Answer :
To determine the estimated probability that Harriet will eat pizza for lunch every day next week, we start by analyzing each group of random digits given in the simulation. The digits that represent the availability of pizza are 2 through 9, while digits 0 and 1 indicate no pizza available. Harriet will eat pizza every day next week only if all the digits in a group's sequence are between 2 and 9.
To solve this, we can follow these steps:
1. Check each group of digits to ensure they contain only the digits 2 through 9, as these represent days when pizza is available. Here are the groups and their validity:
- Group 1: "19223" (Contains digit 1; not valid)
- Group 2: "73676" (All digits are 2-9; valid)
- Group 3: "45467" (All digits are 2-9; valid)
- Group 4: "52711" (Contains digit 1; not valid)
- Group 5: "95592" (All digits are 2-9; valid)
- Group 6: "68417" (Contains digit 1; not valid)
- Group 7: "82739" (All digits are 2-9; valid)
- Group 8: "60940" (Contains digits 0; not valid)
- Group 9: "36009" (Contains digit 0; not valid)
- Group 10: "38448" (All digits are 2-9; valid)
2. Count how many groups have all digits between 2 and 9.
From the analysis above, Groups 2, 3, 5, 7, and 10 are all valid. So, there are 5 valid groups in total.
3. Calculate the total number of groups.
There are 10 groups in total.
4. Determine the estimated probability.
The probability is the ratio of the number of valid groups to the total number of groups:
[tex]\[ \text{Probability} = \frac{\text{Number of valid groups}}{\text{Total number of groups}} = \frac{5}{10} = 0.5 \][/tex]
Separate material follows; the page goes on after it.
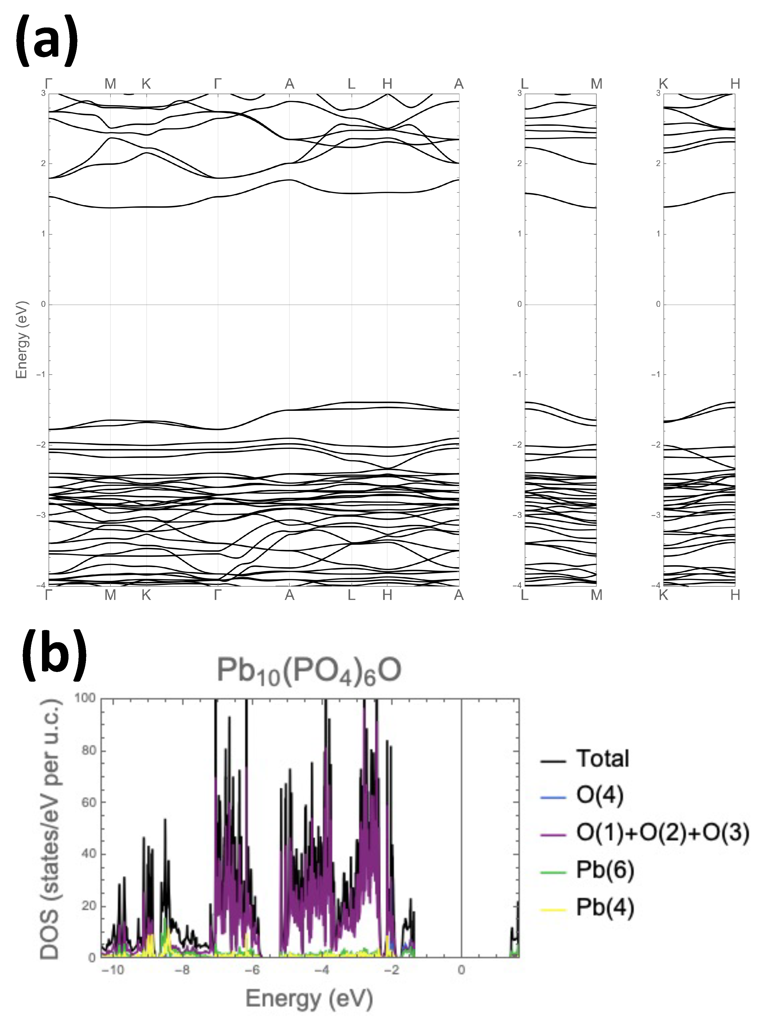 Figure 2. Electronic structure of parent compound Pb10(PO4)6O. (a) Band dispersion calculated along high-symmetry paths. (b) Density of states projected onto different atomic sites. We refer the energies to the Fermi level (consistently within the entire manuscript), which is placed in the middle of the gap. The gap width is equal to 2.765 eV.

Therefore, the estimated probability that Harriet will eat pizza every day next week is [tex]\(0.5\)[/tex] or [tex]\(50\%\)[/tex].
Based on this solution, none of the provided answer choices (A, B, C) are correct. However, if there are typographical errors in question options, the correct response should be [tex]\(50\%\)[/tex] or probability [tex]\(0.5\)[/tex].
To solve this, we can follow these steps:
1. Check each group of digits to ensure they contain only the digits 2 through 9, as these represent days when pizza is available. Here are the groups and their validity:
- Group 1: "19223" (Contains digit 1; not valid)
- Group 2: "73676" (All digits are 2-9; valid)
- Group 3: "45467" (All digits are 2-9; valid)
- Group 4: "52711" (Contains digit 1; not valid)
- Group 5: "95592" (All digits are 2-9; valid)
- Group 6: "68417" (Contains digit 1; not valid)
- Group 7: "82739" (All digits are 2-9; valid)
- Group 8: "60940" (Contains digits 0; not valid)
- Group 9: "36009" (Contains digit 0; not valid)
- Group 10: "38448" (All digits are 2-9; valid)
2. Count how many groups have all digits between 2 and 9.
From the analysis above, Groups 2, 3, 5, 7, and 10 are all valid. So, there are 5 valid groups in total.
3. Calculate the total number of groups.
There are 10 groups in total.
4. Determine the estimated probability.
The probability is the ratio of the number of valid groups to the total number of groups:
[tex]\[ \text{Probability} = \frac{\text{Number of valid groups}}{\text{Total number of groups}} = \frac{5}{10} = 0.5 \][/tex]
Therefore, the estimated probability that Harriet will eat pizza every day next week is [tex]\(0.5\)[/tex] or [tex]\(50\%\)[/tex].
Based on this solution, none of the provided answer choices (A, B, C) are correct. However, if there are typographical errors in question options, the correct response should be [tex]\(50\%\)[/tex] or probability [tex]\(0.5\)[/tex].